Analysis

Israel's Finance Minister Isn't the 'Responsible Adult' - He's Party to the Crumbling of Rule of Law

Weak in the polls and with zero desire to go to elections, Kahlon is trying to play the hand he has been dealt as best he can. His Kulanu party can say that it is remaining true to its historic role: damage control

Finance Minister Moshe Kahlon, November 26, 2017.
Emil Salman

There’s something a little pathetic about the repeated expectation, usually by people who did not vote for Kulanu and never will, that Finance Minister Moshe Kahlon’s party will bear the burden of protecting Israeli democracy. Kahlon has some responsibility for this expectation, as he continues to present himself as the “responsible adult” and the defender of the courts in a government that shows unprecedented hostility to the rule of law. In fact, the burden Kahlon bears is maintaining Prime Minister Benjamin Netanyahu’s fourth government – not only by the number of raised hands in the coalition, but largely, and no less importantly, by legitimizing it.

What was presented as a dramatic surrender by Kulanu – which paved the way for the approval of the “recommendations bill” prohibiting the police from recommending an indictment of the prime minister, and which was formulated by MK David Amsalem in the Knesset Interior Committee – is none other than an additional service provided by Kahlon’s beauty salon: delicate or heavy cosmetic work on more or less insane bills. The purpose of this service is usually to weaken the law enforcement system and subjugate it to the political sphere.

As in the case of the law to retroactively legalize the hold over the occupied territories, and legitimize the expropriation of Palestinian property, Kulanu fought to extract a few ugly elements on the way to approving this generally calamitous piece of legislation. In the case of that law, the issue is the retroactive “clause 7,” whose purpose is to reverse historic court decisions, which Kulanu fought to exclude from the bill.

As for the recommendations law, Kulanu insisted that the police be allowed to submit their recommendations to the prosecution in current cases, upon request by the attorney general, but agreed that recommendations in current cases, that is, in the Netanyahu investigation, not be made public. Politicians are saying that those recommendations are due to be published in mid-December, which explains the violent hysterics of the ruling party that manifests itself in such bills.

Kahlon’s operating system is clear and constant and can be identified in both cases: The law on expropriations won’t cancel out previous High Court rulings, but will allow present and future land grabs. The police will continue submitting its recommendations to the prosecution (upon request by the attorney general) but the public will not be able to receive information on the Netanyahu investigation, that is, details of the prime minister’s alleged corruption.
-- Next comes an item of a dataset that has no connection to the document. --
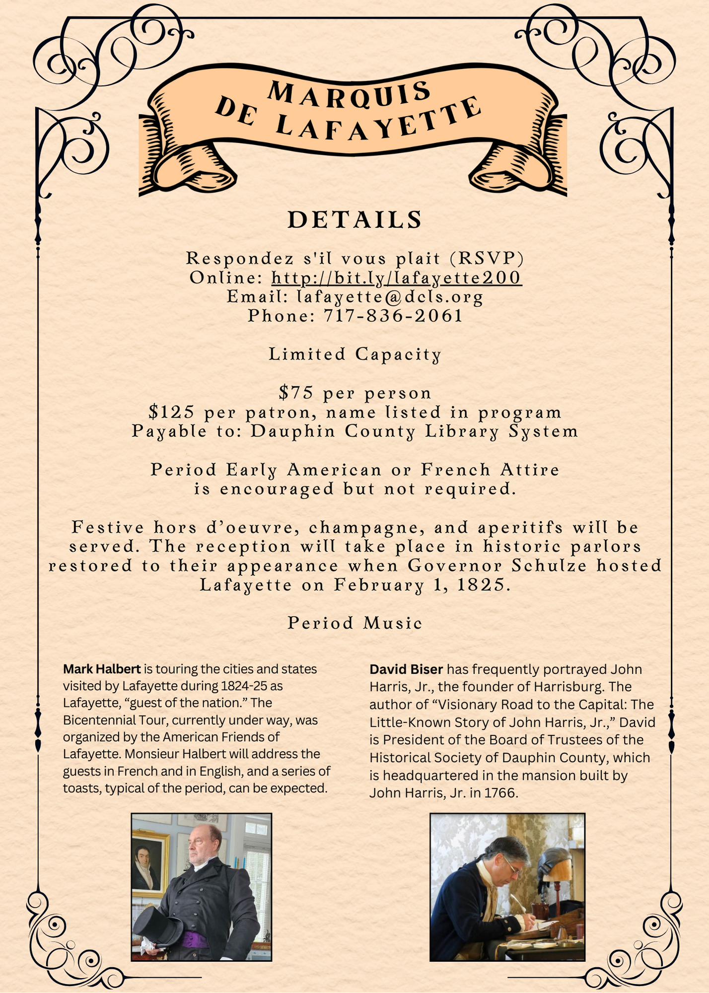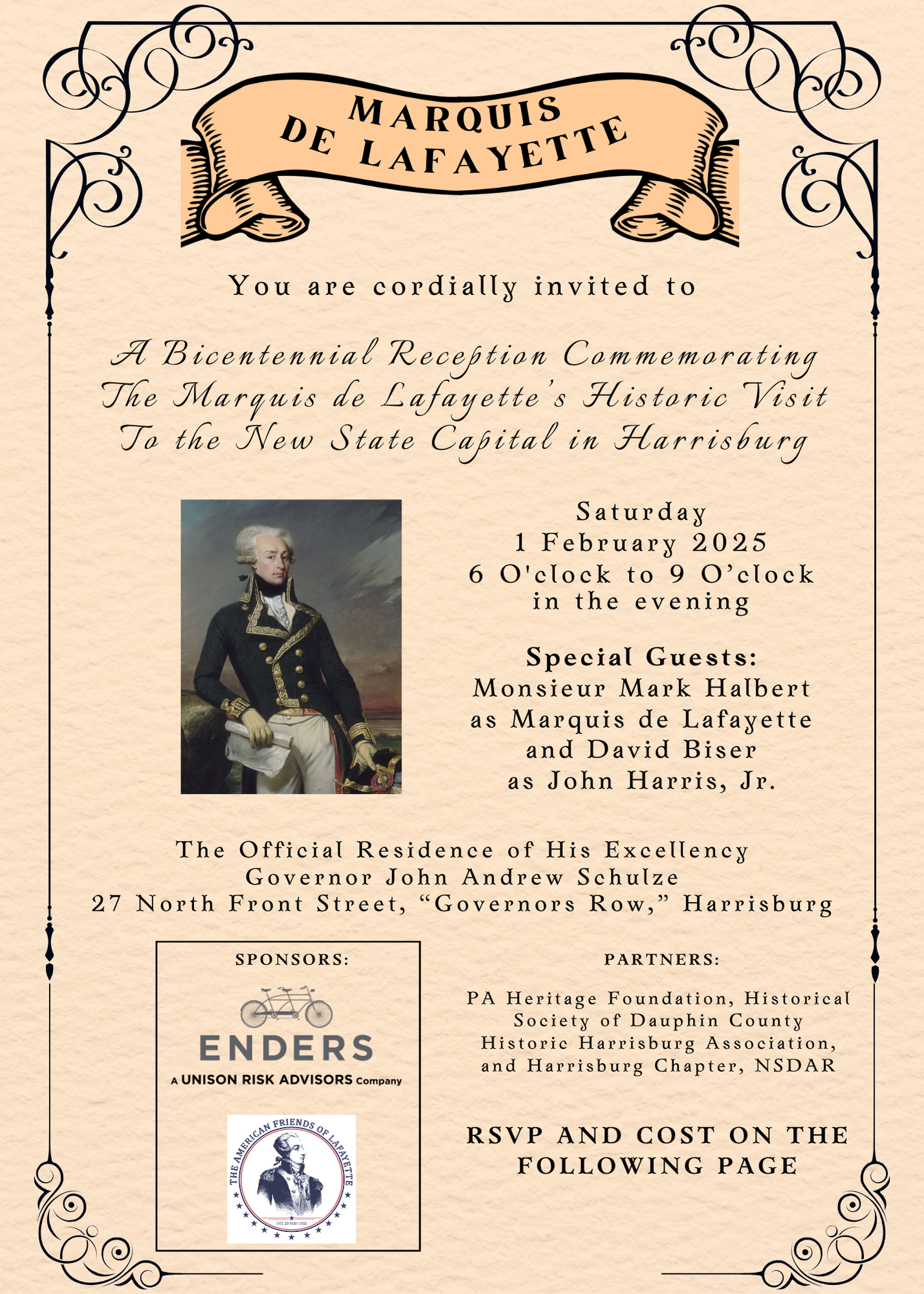 You are cordially invited to a Bicentennial Reception commemorating the Marquis de Lafayette’s historic visit to the new state capital in Harrisburg.

We can understand Kulanu’s psychology. When they are weak in the polls and with zero desire to go to elections; alone in a coalition to which corruption is no stranger; abandoned by Habayit Hayehudi, which according to sources in Kulanu has made clear that it will not fight over the personal aspect of Amsalem’s bill – Kahlon and his party are trying to play the hand it has been dealt as best it can. Kulanu can say that it is remaining true to its historic role: damage control.

To these motives may be added that the real contribution of the law is negligible: As opposed to the original version that would truly disrupt cooperation between the police and the prosecution, the bill as approved is intended mainly to prevent making public the official police document containing its recommendations. It will not prevent the continued investigation of Netanyahu nor even stop the police from submitting its recommendations regarding him to the prosecution (if Attorney General Avichai Mendelblit isn’t afraid of Netanyahu’s thugs). It is reasonable to assume that the recommendations, whose publication will be banned, will be made orally, and will find their way into columns by country’s finest journalists. Sources close to Kulanu say he’s even counting on this. So what is the problem, besides all the hot air?

Like the law on expropriation in the territories, which is frozen in the High Court, the recommendations law is intended to change perceptions. Its goal is to publicly delegitimize the agencies investigating Netanyahu and political corruption, and to pressure them, like the expropriation law is pressuring the attorney general, who has refused to defend it in the High Court because it is unconstitutional. It doesn’t matter what story its members tell themselves, as long as the opposition is not an option for Kulanu, it is beautifying the path leading to the crumbling of the rule of law.